Tests on Turbid Water

The hand pump filters decreased the turbidity of raw river water greatly (> 95%), down to 0.15-0.30 NTU with the Mini Ceramic, and the WalkAbout and a little less with the First Need Deluxe which gave 0.90-2.15 NTU from 42.70 NTU for raw water samples.  The Outdoor Ml –E iodine purifier straw only decreased tur­bidity by 38.4%, and the turbidity of the effluent from 52.30 NTU raw water was still 38.60 NTU


Conventional culturing techniques showed total coliforms and thermotolerant coli forms when turbid water samples were treated with chemicals, with the straw Outdoor Ml-E and, one time, with the WalkAbout filter (2 total coliforms/100 mL in the effluent from a sample containing 57,000 total col­iforms/100 mL).  The effluent after treatment with Aquatabs= 2% iodine-ethanol and the straw Outdoor Ml-E still contained Enterococci.  The charcoal agents and the Outdoor Ml-E straw did not inactivate the coliforms and E. coli in turbid water, as detected by the ColilertÒ/QuantitrayÒ method (E. coli up to 12.4/100 mL in the effluent from the Outdoor Ml -E' straw).  But nei­ther coliforms nor E. coli were detected in the effluents from the three hand pump filters (see Table 4).  This per­formance was confirmed by the removal of more than 3 log (99.9%) of viable bacteria using the CTC-staining method.


There was a clear relationship between the turbid­ity of the untreated water and the performance of the chemical agents and the straw Outdoor Ml-E: the more turbid the water, the fewer bacteria were inacti­vated.

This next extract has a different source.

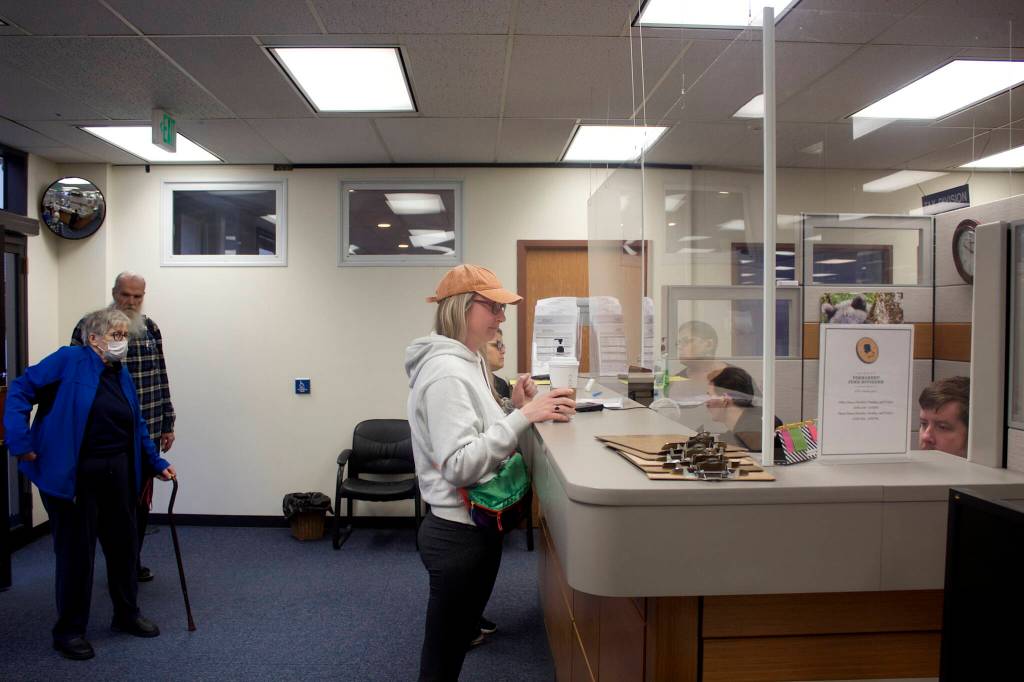 Kelsey Martin asks about the status of her son’s Permanent Fund Dividend check after arriving first at Juneau’s PFD office in the State Office Building on Tuesday, the first day direct deposit payments of the $3,284 dividends are being credited. Eligible residents who did not receive direct deposits will be paid by checks that will be mailed starting Oct. 6.

Chemical agents, iodine resin purifiers and filters were tested with clear and turbid water, to determine their performance with different qualities of water that might be encountered when staying in hotels or trekking in wilderness areas.  River water was used because it con­tains indigenous strains of bacteria rather than strains from laboratory collections.  Many of the bacteria in aquatic systems can enter a starvation state when stressed by nutritional deficiency or other environmental factors (pH, temperature, oxidants, etc.). These stressed bacte­ria may be biologically active (viable) but will not be detected on growth medium.  They are viable but not culturable, but retain their ability to infect humans, ani­mals, or plants.  Stressed bacteria are smaller than normal (usually forming small spheres) and resistant to a wide range of antibacterial substances, including disinfecting agents.  Thus, stressed indigenous bacteria may be 10 to 100 times more resistant than bacteria from laboratory collections.

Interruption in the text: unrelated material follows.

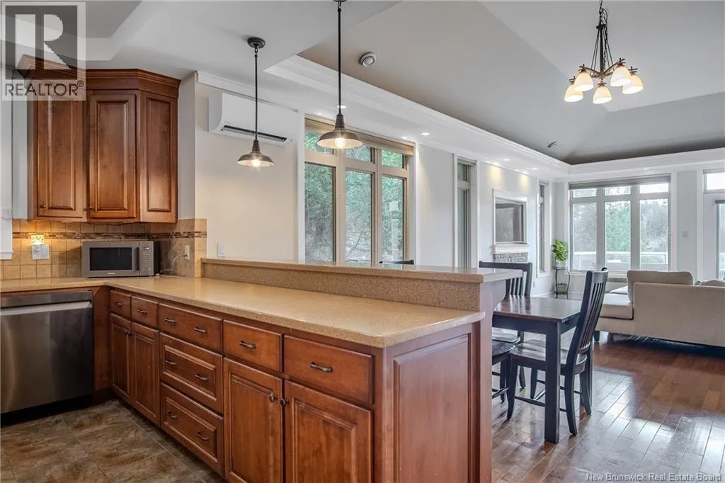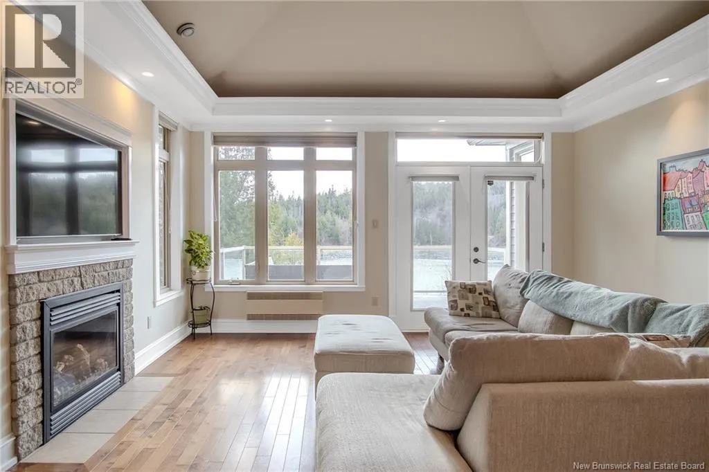 Rothesay Rd to Ashburn Rd to Drury Cove Rd, left on Upper Deck Lane Discover an exceptional 2-level garden home style condo offering over 2,600 sq ft of beautifully finished space in the sought-after Drury Cove community. Residents enjoy shared use of the waterfrontage including a pathway to an exclusive-use dock, plus this unit includes its own mooring directly out front. The main level welcomes you with a spacious foyer and an open-concept kitchen, dining and living area with mini-split heat pump and propane fireplace, framed by serene water views. The custom kitchen features rich cabinetry, granite countertops, and a peninsula with seating for 3 to 4. Also on this level are a convenient home office, main-floor laundry and a generous primary suite complete with a large walk-in closet and 4-piece ensuite... wake up to breathtaking water views! Step onto the water view deck to take in stunning sunsets over the cove. The fully finished lower level offers a massive rec room, full bathroom, 3 additional bedrooms, ample storage and walk out access to a private, peaceful backyard. A rare double garage and quality construction throughout make this home truly stand out. Condo fees of $700/month include water & sewer, exterior maintenance, lawn care and snow removal. Ideally located near shopping, the hospital, UNBSJ, and quick highway access, this is a remarkable opportunity in one of the areas premier waterfront communities. (id:27476)

The indigenous viable bacteria may be counted by direct epifluorescent microscopy after stain­ing them with CTC fluorochrome. In addition to counting culturable bacteria by con­ventional techniques (which may lead to overestimation of the efficacy of the systems, particularly chemical agents), we therefore used CTC staining to count viable bacteria, and so obtain a better assessment of the efficacy of the systems.  Because we enumerated viable indigenous bacteria without the culture step, the results of this study appear to indicate a lower performance of the treat­ment systems than most published data based on con­ventional culture techniques to enumerate laboratory grown bacteria or indigenous bacteria.


It is not possible to examine water for the presence of all possible pathogens.  The use of indicator organisms is universally accepted for assessing the hygienic quality of water and the efficacy of disinfection.  Thermotoler­ant coliforms are commonly used indicators of fecal pollution for routine purposes.  Among this group, E. coli is regarded as the indicator of choice for assessing fecal contamination. Total coliforms are indicators of the treatment efficacy and allow detection of regrowth phe­nomena in the distribution network.

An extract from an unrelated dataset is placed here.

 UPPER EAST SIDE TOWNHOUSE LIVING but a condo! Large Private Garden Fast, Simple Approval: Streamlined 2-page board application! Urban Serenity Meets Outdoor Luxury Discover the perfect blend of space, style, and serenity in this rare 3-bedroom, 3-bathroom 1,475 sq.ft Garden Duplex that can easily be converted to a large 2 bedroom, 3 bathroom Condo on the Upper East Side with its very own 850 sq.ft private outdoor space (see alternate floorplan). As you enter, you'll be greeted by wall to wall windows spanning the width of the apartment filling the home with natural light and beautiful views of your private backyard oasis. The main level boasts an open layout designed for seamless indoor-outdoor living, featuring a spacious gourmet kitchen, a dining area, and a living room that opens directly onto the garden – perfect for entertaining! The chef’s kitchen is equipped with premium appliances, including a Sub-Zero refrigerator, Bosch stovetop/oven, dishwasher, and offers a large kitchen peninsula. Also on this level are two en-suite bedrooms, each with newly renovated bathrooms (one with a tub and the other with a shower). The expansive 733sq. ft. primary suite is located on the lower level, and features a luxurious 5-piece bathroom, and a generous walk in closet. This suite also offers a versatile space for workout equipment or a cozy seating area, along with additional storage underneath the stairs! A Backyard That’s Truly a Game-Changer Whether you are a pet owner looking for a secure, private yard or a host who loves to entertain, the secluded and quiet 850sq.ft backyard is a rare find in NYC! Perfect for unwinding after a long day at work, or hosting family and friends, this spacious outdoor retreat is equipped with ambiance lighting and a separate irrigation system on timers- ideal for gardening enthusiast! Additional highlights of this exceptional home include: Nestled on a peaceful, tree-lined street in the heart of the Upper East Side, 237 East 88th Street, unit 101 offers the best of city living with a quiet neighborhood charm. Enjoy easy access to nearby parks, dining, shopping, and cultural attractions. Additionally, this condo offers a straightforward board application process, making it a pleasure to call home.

The European Community regulation (98/83/EU directive) states that safe drinking water must not con­tain any E. coli or Enterococcus in 100 mL, and the WHO guidelines for drinking water quality recommend no E. coli and no thermotolerant coliforms in 100 mL of drink­ing water samples. Because enteric viruses, protozoan cysts and helminthes eggs are known to be more resistant to disin­fection than E. coli and Enterococcus, the absence of the latter organisms will not necessarily indicate freedom from the former.  Similarly, because viruses are much smaller than bacterial indicators, the absence of the latter in effluent from subnmicron filtration devices will not nec­essarily indicate the absence of viruses.  Further research is needed to assess the removal of viruses and parasites with the tested treatment systems.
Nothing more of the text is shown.